Ultimately, Brown believes, drug companies need to completely re-engineer their operations in order to keep pace with rapid technological advances in artificial intelligence.
“A small company of up to 5,000 people can do what AstraZeneca does [which has 76k employees] He does now,” says Brown. “We need to start increasing efficiency and getting back to previous growth rates.”
The market for AI drug discovery continues to grow, and as major pharmaceutical companies sign deals worth billions of dollars in the field, new companies are joining the ranks.
One of these new contenders is Aqemia, a Parisian startup that recently raised €30m in a Series A round led by Bpifrance and Eurazeo. Maximilian Levesque, co-founder and CEO, says his team is developing a new artificial intelligence that can increase the speed at which promising candidate drugs are found using quantum physics.

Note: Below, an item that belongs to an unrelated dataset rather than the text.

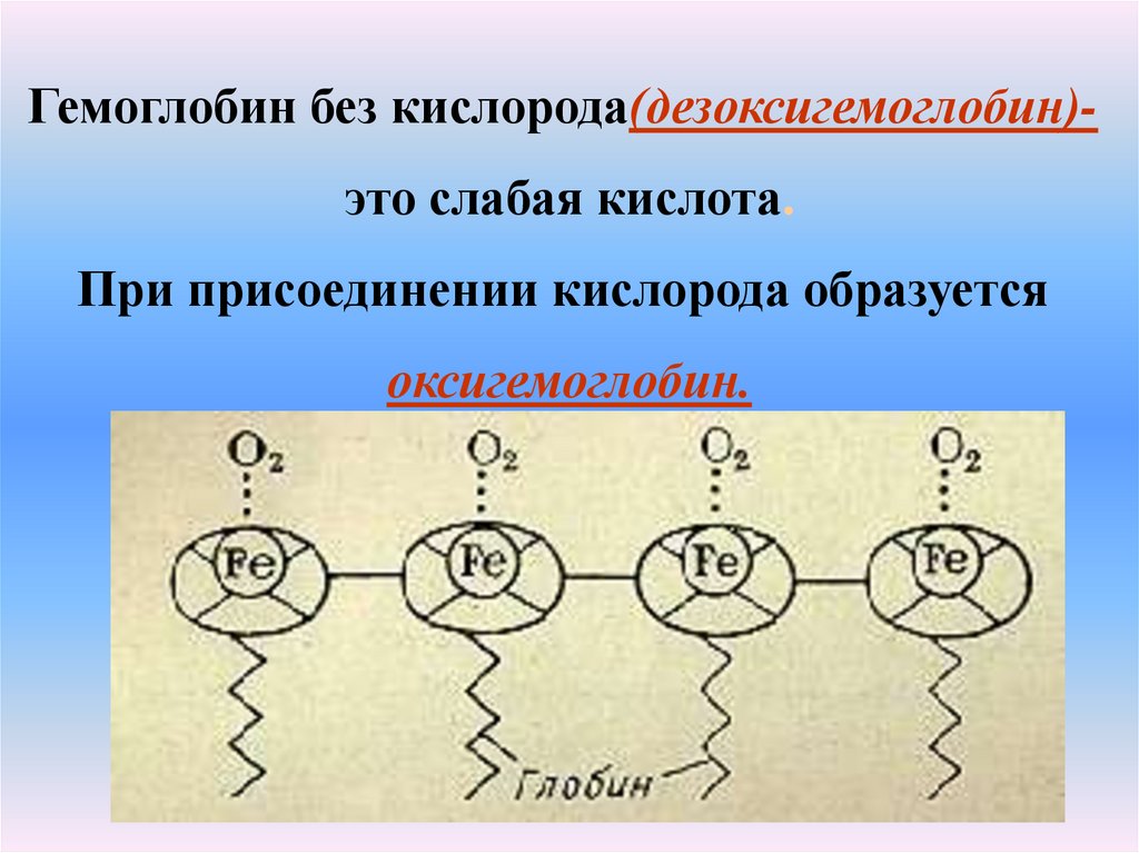 Гемоглобин без кислорода(дезоксигемоглобин)это слабая кислота.При присоединении кислорода образуется

“We can actually test half a billion new compounds every day with the same accuracy as the most accurate method on the market – 10,000 times faster and at the same computing cost,” Levesque tells Sifted.
Aqemia uses quantum physics algorithms to sort millions of compounds and find the ones that can best interact with the desired target. While others use “brute force” methods to test each compound, the company is able to predict interactions by solving a quantum physics equation that no one else knows how to solve, Levesque says.
“We can test half a billion new compounds every day with the same accuracy as the most accurate method on the market.”
The company already has dozens of in-house drug discovery projects, primarily targeting cancer, and has partnered with major drug companies including Sanofi, Servier and Janssen. The main advantage of pharma is that this technology can be used without any prior data – something that all other AI companies need to be able to train their machine learning algorithms. This could allow drug companies to quickly catch up with their competitors when developing new drugs.
Other startups are getting ahead Quantitative Statistics for drug discovery. Two examples are Algorithmiq in Finland and Qubit Pharmaceuticals in France – both of which raised money to develop their technology earlier this year.
While the pharmaceutical industry has been slow to welcome digitization and other new technologies, founders and scientists say the tide is turning. In every aspect – from test tube to trial – the drugs of tomorrow will not be the same as the drugs of today.
“It’s not about applying a single machine learning algorithm to a single problem. We want to re-engineer the whole process of how drug discovery is done – and that will be the biggest challenge for us,” Hopkins says.
Clara Rodriguez Fernandez is a Berlin-based Sifted deeptech reporter. follow her LinkedIn.